Work item – Every line from the one containing "Khu trục đa" through the end of the listing below goes in the output, exactly and without pictures.

Working data –
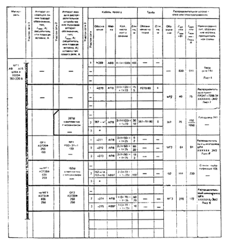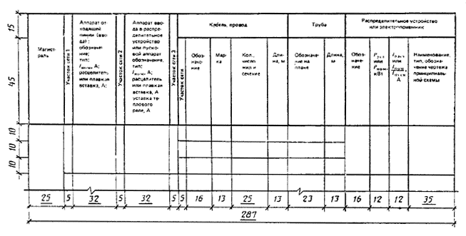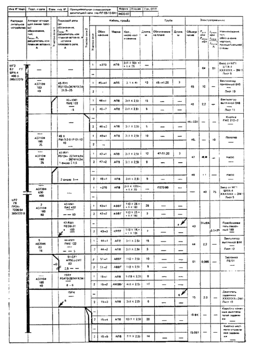 2.5. При разработке принципиальных схем по формам 2 и 3 руководствуются следующим: принципиальную схему выполняют в однолинейном изображении, при этом нулевой проводник отдельной линией не изображают; в трехфазных трех- и четырехпроводных сетях изображение и обозначение фаз указывают только для одно- и двухфазных линий; условные графические обозначения электроприемников, пусковых и защитных аппаратов на принципиальной схеме, как правило, не изображают, а указывают над линией их буквенно-цифровые обозначения, типы и технические данные; электроприемники, подключаемые непосредственно к питающей магистрали, показывают на принципиальных схемах питающей сети; в графе «Магистраль» (форма 2) указывают буквенно-цифровые обозначения магистрали, ее координаты по плану расположения электрического оборудования (при необходимости), тип шинопровода и его номинальный ток (материал и сечение шин - для магистралей нетипового изготовления), напряжение; в графе «Распределительное устройство» (форма 3) указывают буквенно-цифровое обозначение распределительного пункта или распределительного шинопровода, его координаты по плану расположения электрооборудования (при необходимости), тип (для НКУ - обозначение габаритного чертежа общего вида), напряжение, Руст и Iрасч - для пунктов, соединенных «в цепочку»; в графе «Iрасч...», кроме указанных параметров (при необходимости), указывают величину потери напряжения DU, %. На принципиальных схемах не приводят: технические данные электрооборудования, марки, сечения и длины кабелей и проводов, обозначения и длины труб, если они поставляются комплектно с технологическим оборудованием или предусмотрены рабочей документацией нестандартизированного оборудования; марки, сечения и длины проводов в пределах НКУ; марки, сечения и длины кабелей и проводов, обозначения и длины труб для электроприемников, для которых всю необходимую информацию о кабелях, проводах и трубах невозможно привести на принципиальной схеме (например, сети с разветвленными цепями управления). Данные об этих кабелях, проводах и трубах помещают в кабельном или кабельнотрубном журналах. На чертеже каждой принципиальной схемы приводят в таблице по форме 4 потребность кабелей и проводов, а в таблице по форме 5 - потребность труб. В таблицы потребности включают кабели, провода и трубы, технические данные и длины которых указаны в принципиальной схеме. Потребность кабелей и проводов длина, м
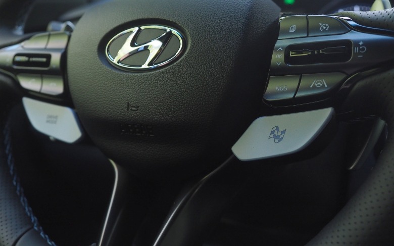 Then, Hyundai mixed things up. The stick was staying, don't worry about that, but there'd be an optional 8-speed, N-branded wet dual-clutch transmission. An automatic, yes, but a sporty automatic, one with paddle-shifters for those times you want to take over, but the ability to leave it to switch cogs itself when the route is more mundane.
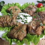 Подают голубцы на общем блюде. А потом каждый может отложить в свою тарелку столько, сколько хочет.
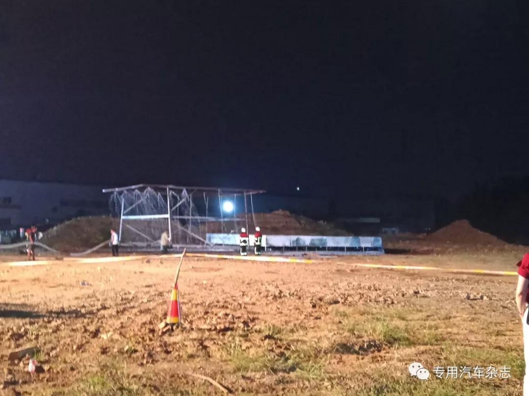 為了破解快速撲救換流站變壓器火災的難題,湖北江特專(zhuān)用特種汽車(chē)有限公司研發(fā)的壓縮空氣泡沫消防車(chē)于2018年8月25日晚7點(diǎn)在公司廠(chǎng)區內實(shí)施滅火試驗,并邀請國家電網(wǎng)、中國石油、中國石化、應急救援國家工程實(shí)驗室、上海消防研究所、天津消防研究所、湖北消防總隊、隨州消防支隊、隨州市、曾都區、市職等主要領(lǐng)導觀(guān)摩指導。這次試驗是全國乃至全球首次直流油大規模真火試驗,針對性強,研究?jì)r(jià)值高,具有學(xué)術(shù)層面的國際影響力和現實(shí)的工程應用指導意義。本次試驗,使用的是直流油,閃點(diǎn)不低于135℃;油池尺寸10m*10m,用油量15噸;采取燃氣加熱方式,加熱溫度將高于直流油的閃點(diǎn)135℃;預計點(diǎn)火時(shí)間19是45分左右。開(kāi)始加熱時(shí)表面油溫45°,加熱55分鐘時(shí)開(kāi)始點(diǎn)火,油溫148°。微細泡沫滅火系統啟動(dòng),試驗裝置噴出泡沫后將移至油池上方進(jìn)行滅火并記錄滅火時(shí)間。在此過(guò)程中,您可以看到微細壓縮空氣泡沫滅火系統形成的泡沫毯,與普通的低倍數泡沫系統包括傳統概念的壓縮空氣泡沫系統相比,微細壓縮空氣泡沫更加均勻、細膩,穩定性和持久性更好。最終滅火時(shí)間4分51秒,滅火結束后,油面82°,油底61度。
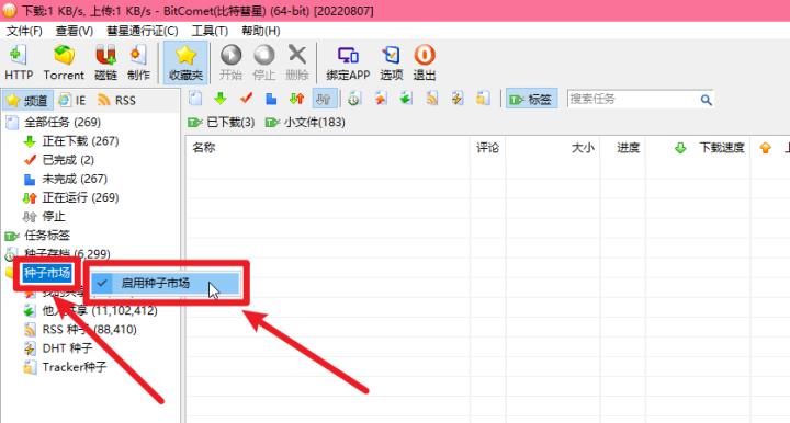 《教程7.比特彗星没有种子市场,开启种子市场》
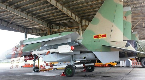 Khu trục đa năng Sukhoi Su-30MK2 của không quân CSVN đậu tại nhà ga. (Hình: VPAF)
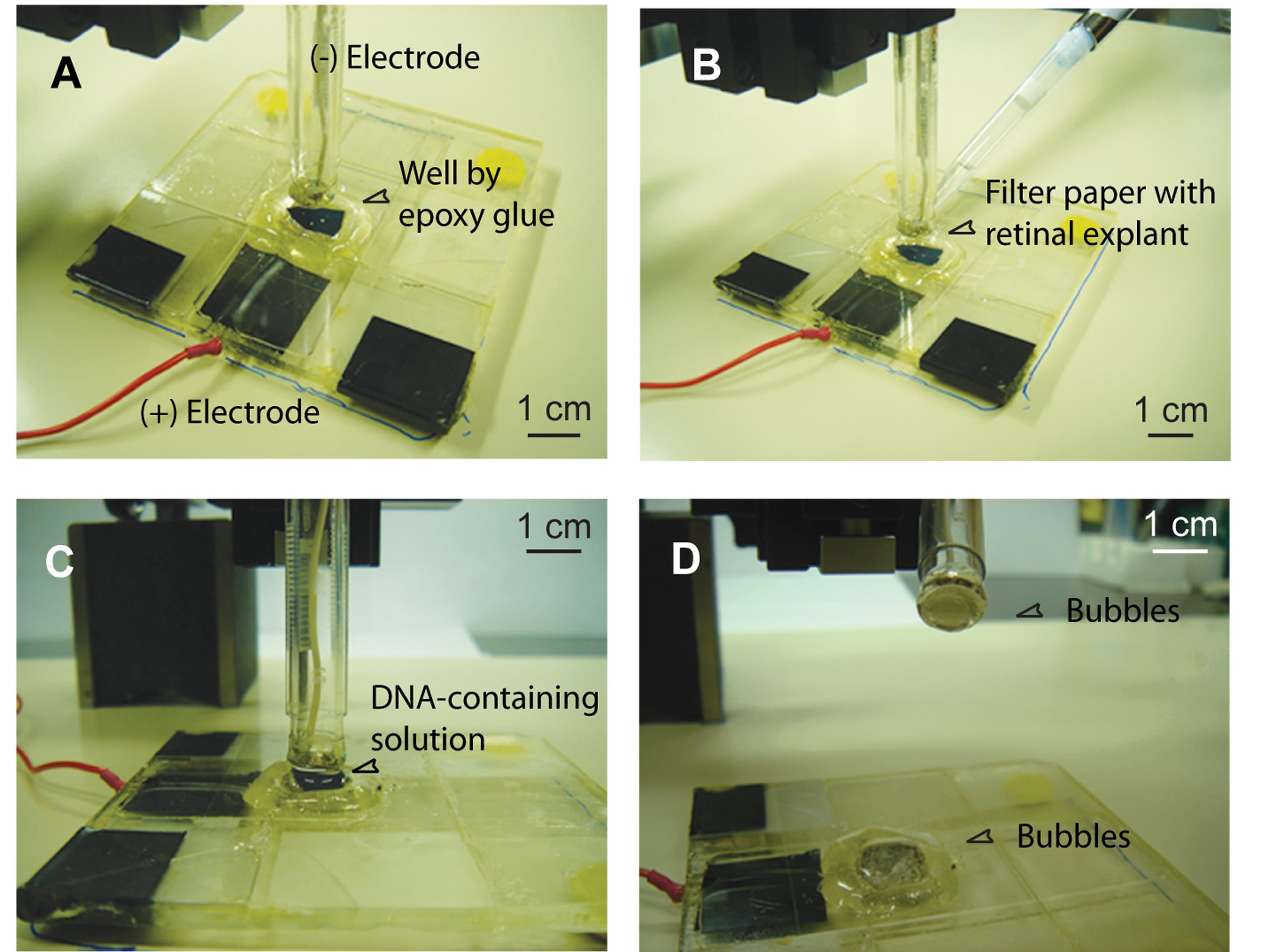 5. Confirm that the retinal explant is placed between the negative and positive electrodes, fully surrounded by the DNA solution (Figure 4C).

Task solution –
 Khu trục đa năng Sukhoi Su-30MK2 của không quân CSVN đậu tại nhà ga. (Hình: VPAF)
 5. Confirm that the retinal explant is placed between the negative and positive electrodes, fully surrounded by the DNA solution (Figure 4C).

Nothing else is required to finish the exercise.